When you think of climate solutions, your lawn probably doesn’t come to mind. But new research from Pennsylvania State University is giving residential turfgrass its environmental due—and changing how scientists understand urban greenhouse gas emissions.

For years, scientists have studied the impact of forests, crops, and wild grasslands on carbon dioxide levels, but lawns—despite covering vast swaths of cities—have been mostly ignored in greenhouse gas models. That’s now changing, thanks to findings from the Indianapolis Flux Experiment (INFLUX), a long-term study tracking emissions in urban areas.

Turfgrass: More Than Just a Pretty Lawn

Turfgrass, the manicured grass found in residential yards, parks, and cemeteries, may look dormant in winter, but researchers discovered it's still photosynthesizing—even when temperatures dip below freezing. That means these lawns are quietly pulling carbon dioxide (CO₂) out of the air year-round.

Using advanced gas sensors called eddy covariance flux towers, the Penn State team placed monitors above a golf course and a cemetery in Indianapolis. These sites were chosen to represent both intensively and lightly managed turf. What they found surprised them: even during the coldest parts of the year, lawns continued to absorb CO₂ at measurable rates.

Why This Matters for Cities

Urban areas are a major source of carbon emissions, primarily due to fossil fuel use. But natural processes like photosynthesis also play a role in shaping those emissions. If we ignore how turfgrass behaves—especially in winter—we risk miscalculating how much CO₂ cities actually produce.

In fact, in places like Indianapolis where turfgrass covers up to 30% of the land, small seasonal differences can add up. Misrepresenting these lawns as CO₂ emitters, rather than absorbers, can skew entire emissions models—undermining the effectiveness of climate policies based on those models.

Better Models, Smarter Policy

To correct this, the researchers created a new “turfgrass” category in their simulation models. This tweak improved accuracy and helped scientists better isolate the human-caused portion of emissions from natural biological processes.

“Turfgrass photosynthesis is not highly active during the winter, but it’s active enough to make a difference,” said lead researcher Jason Horne. “And that could change how we understand every emission source.”

The Role of Lawn Care

Interestingly, lawn maintenance practices also factor in. The golf course lawn, which was fertilized, irrigated, and mowed regularly, likely had a different carbon profile than the more natural cemetery lawn. Future studies will explore how watering, mowing, and fertilization affect carbon absorption and release—offering homeowners another way to contribute to a greener future.

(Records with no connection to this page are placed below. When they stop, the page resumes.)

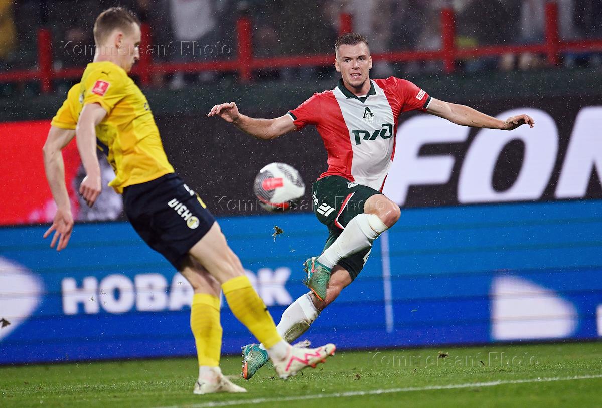 Фонбет - Кубок России по футболу 2024/25. Матч между командами "Локомотив" (Москва) - "Ростов" (Ростов-на-Дону) на стадионе "РЖД Арена". Игрок команды "Локомотив" Дмитрий Баринов во время матча.
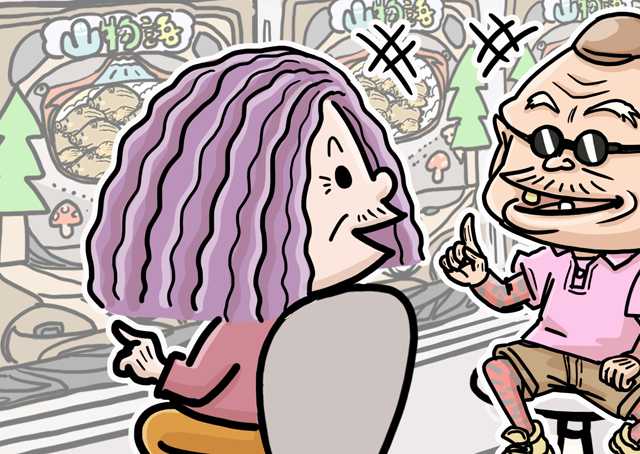 - 成人した孫と来店する老人
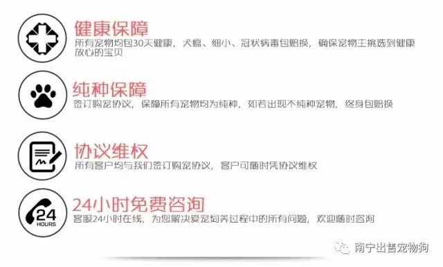 一保健康:所有犬只我们都在其出生后第26天,开始对它驱虫;第28天给它打第一针预防针(预防细小和犬瘟);45天打第一针5联预防针;65天第二针;85天第三针。购买后可以立即去宠物医院对它进行健康检查。
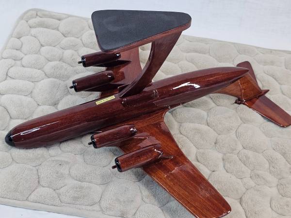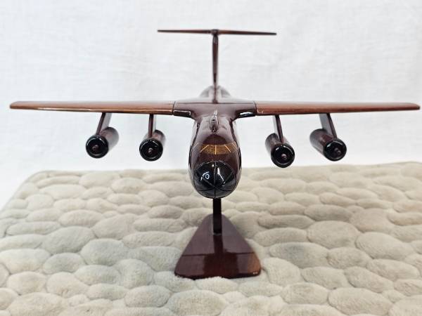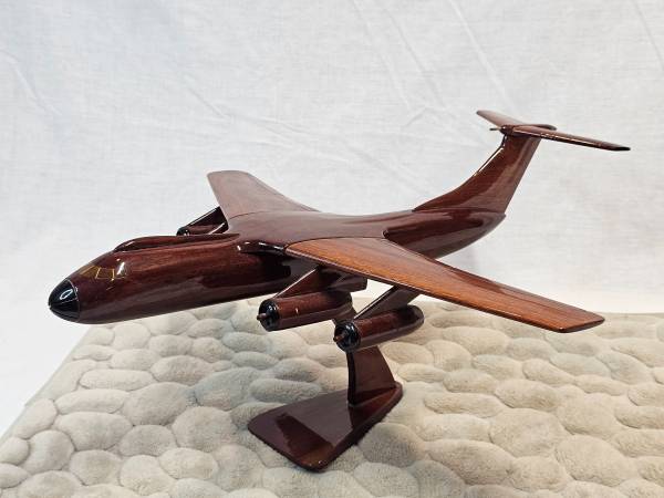 Beautiful handcrafted wooden model of the Lockheed C-141 Starlifter, a strategic airlift aircraft that served the United State Air Force for over four decades. It was primarily used for strategic airlift, capable of transporting combat forces, equipment, and supplies over long distances, including air, land, and airdrop deliveries. It also performed humanitarian relief flights and aeromedical evacuations.
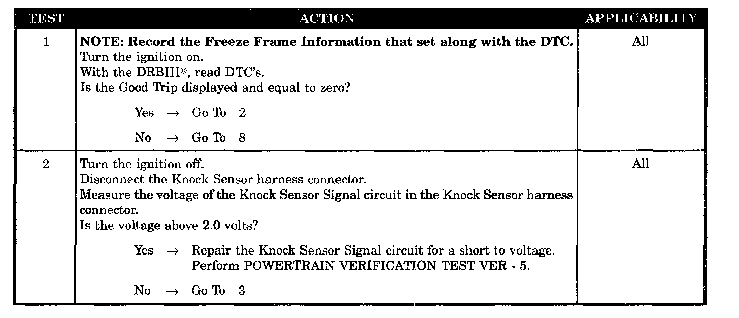 - Knock sensor signal circuit shorted to ground
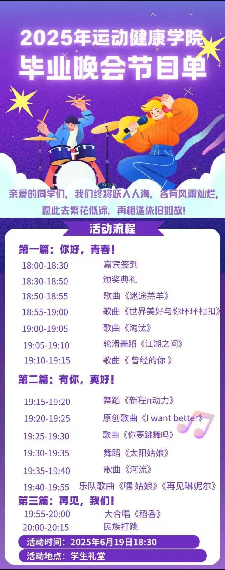 2025年运动健康学院“跃动青春,逐梦未来”毕业典礼暨表彰大会将于2025年6月19日(周四)18:30在学生礼堂举行。

This research is a reminder that even small, everyday landscapes have a role to play in global carbon accounting. For homeowners, it’s not just about aesthetics—your lawn is participating in the climate cycle. With smart care, native grass choices, and efficient irrigation, your turf can become part of the solution.

As cities grow and climate goals tighten, lawns across America may help scientists better map—and ultimately reduce—our carbon footprint. That humble patch of green outside your window is working harder than you think.